Just a minute, just a minute. "Never saw a person who paid". How about via taxes during a working life? And if you really find the experience stigmatising, you could always withhold your pass and pay in cash. That would quickly put an end to this them-and-me moralising. Chances are if you didn't smell of Vick you smelt of something - whether you like it or not you are now part of the grey herd. Voluntary ascents of Niggley Naggs, however heroic, don't get you off the hook.
ReplyDeleteAnyway I am glad you found the journey exhilarating. I use the bus as infrequently as possible for two reasons - one legitimate the other subjective. There is simply not enough knee-room and any trip longer than that down to Hereford and back would be too painful.
The other is a need to be in charge of my own destiny, a feeling that steals over me as I wait in the bus station, staring down at the pavement dotted with crushed fag butts and hideously suggestive areas of moisture. Actually buses aren't too bad, it's planes that are the killer. All that queueing, being processed, hours spent killing time and being pushed around.
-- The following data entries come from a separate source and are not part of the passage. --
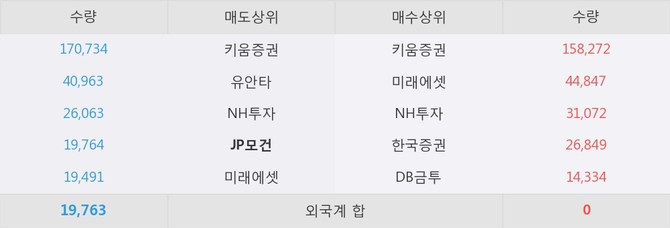 거래원 동향은 미래에셋, NH투자 등이 매수 상위 목록에 나타나고 있다. 한편, 매도 창구 상위에는 JP모건이 눈에 띄고 있다.
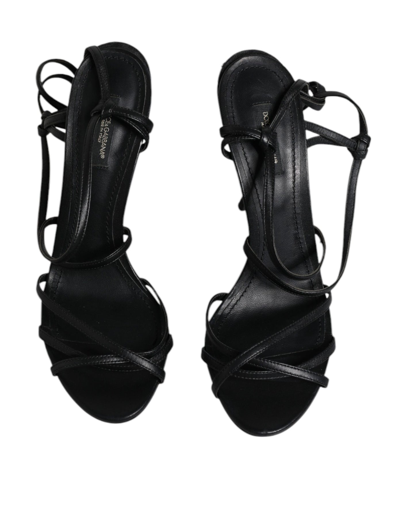 Dolce & Gabbana Black Leather High Heels Keira Sandals Shoes
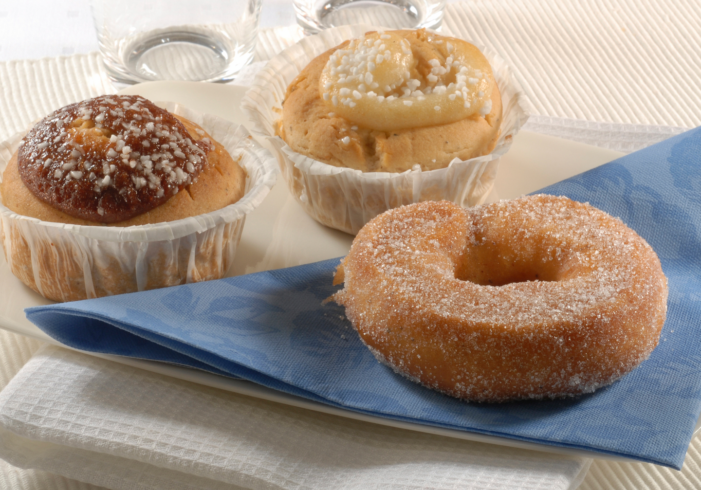 Kanelikierre:Vesi, maissitärkkelys, sokeri, rypsiöljy, riisijauho, tapiokatärkkelys, perunahiutale, hiiva, suola, sakeuttamisaine (E415),maissijauho, perunakuitu, kaneli 1,5%(Muu kuin Eu), kardemumma, nostatusaine (E500),kasviproteiini(herne), vanilja-aromi, happamuudensäätöaine (E 330), emulgointiaineet (E471, E322(auringonkukkasiemen )), väri(E160a). Vaniljakierre: Vesi, maissitärkkelys, sokeri, rypsiöljy, riisijauho, tapiokatärkkelys, perunahiutale, hiiva, suola, sakeuttamisaine (E415), maissijauho, perunakuitu, kardemumma, nostatusaine (E500), kasviproteiini(herne), vanilja-aromi 0,5%(Eu), vaniljasokeri0,5%(Suomi), happamuudensäätöaine (E330), emulgointiaineet (E471, E322), väri (E160a). Munkkirinkilä: Vesi, maissitärkkelys, sokeri, kasviöljy ja- rasva (osittain kovetettu), rapsi- ja kookosöljy, riisijauho, tapiokatärkkelys, perunahiutale, hiiva, suola, sakeuttamisaine(E415), maissijauho, perunakuitu, kardemumma, kasviproteiini(herne), vanilja-aromi.
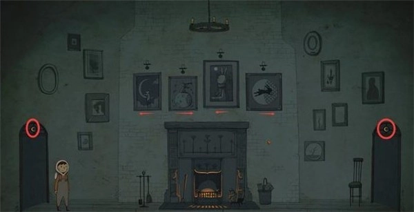 2、迷失方向:在壁炉与挂画之间往返20次(仍为第三关,不过和上一个成就的要求相反。需要观察墙上的画以及门上月亮的图形,找到月亮图形对应的画上兔子所指的方向后,选择走相反方向的门,重复20次就能解锁该成就。)
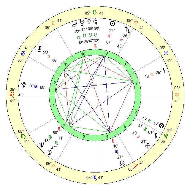 | Mercury | 5 Taurus 31 | 28 Pisces 0 | 2 Leo 51 |
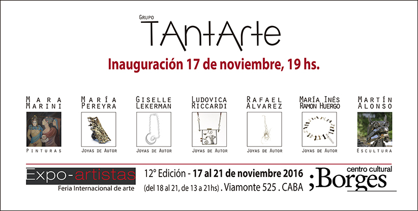 Del 17 al 21 de noviembre en el Centro Cultural Borges se presentará TANTARTE, grupo de artistas formado por Mara Marini (pintura), Martin Alonso (escultura), María Pereyra, Giselle Lekerman, Ludovica Riccardi, Rafael Alvarez y María Inés Ramón Huergo (joyería de autor) en una exposición que inaugura en el marco de la Feria Internacional de arte Expo-artistas.
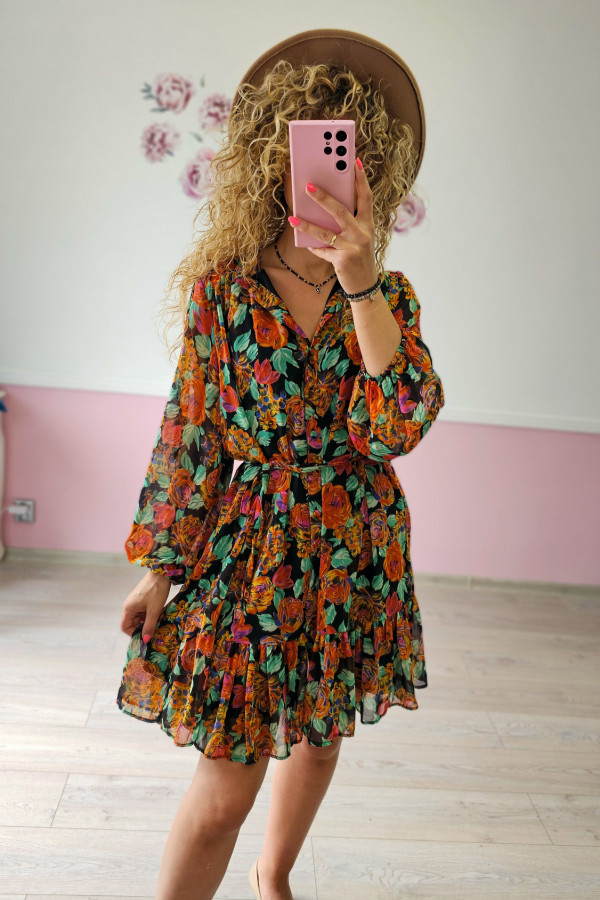 Ciemna sukienka z transparentnymi rękawami i delikatnym printem
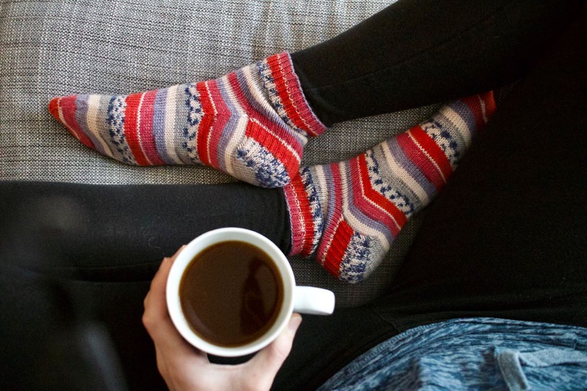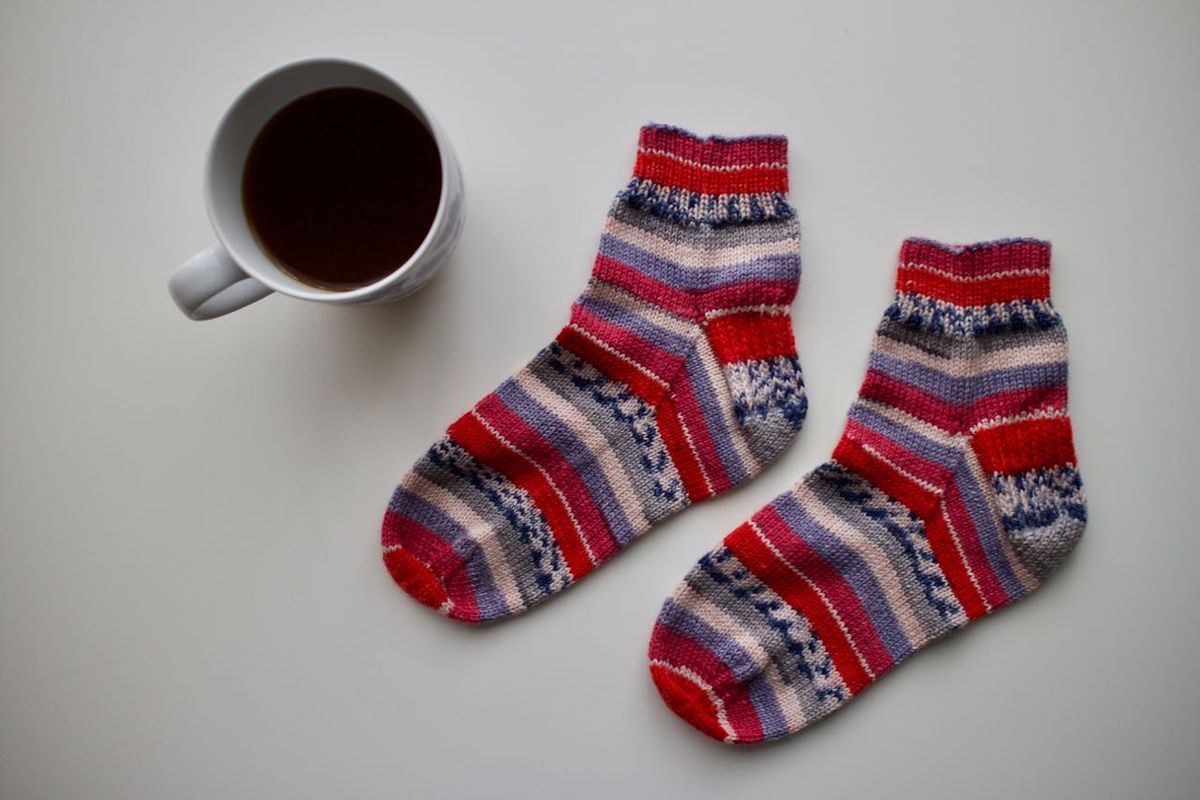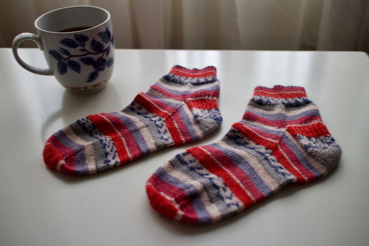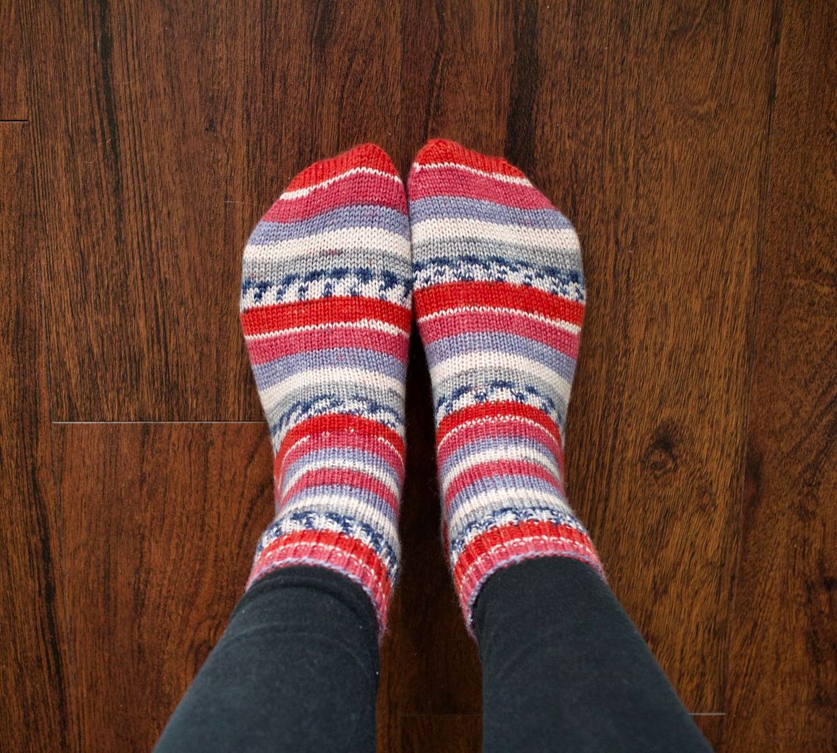 I knit them quickly, since this was my second time through the pattern and self-patterning yarn basically knits itself (just one more color before bed, okay, just one more color before bed, etc.). And turns out, I'm not mad to have spent hours knitting the first sock. For one, I got to trial a new pattern and that helped me realize what I'd modify next time. We realized I knit the first sock a bit too large (I've included a picture below so you can see just how big it is compared to my socks!), so I'll size down, and they were fun to knit, since the yarn is inherently fun.

Getting into the car at the end brings with it a wonderful sense of release - for better or for worse I am my own master, I am no longer dependent on others. An affirmation that I am a person and not just a transportable load.
The expression of the guy at the front of your pic suggests he didn't give you permission to photo him and wouldn't had you asked. A paradigm of old age, if you like. He probably doesn't blog and the only way he has to show his resentment at the onset of decay is to frown. Poor old sod.
Martin, I was due my pass in August 2015 and now its moved to November 2017. The bus fares on my route from Rochdale to Manchester have gone up 25% this week. Considering fuel has come down about 20% and they are using stop/start busses i find it hard to see how they justify any increase.
ReplyDeleteI wouldn’t mind if the buses got cleaned once a day but they are filthy. At least the passenger would see something for the money.
Roderick. Driving on our lovely M60 is just as frustrating as flying.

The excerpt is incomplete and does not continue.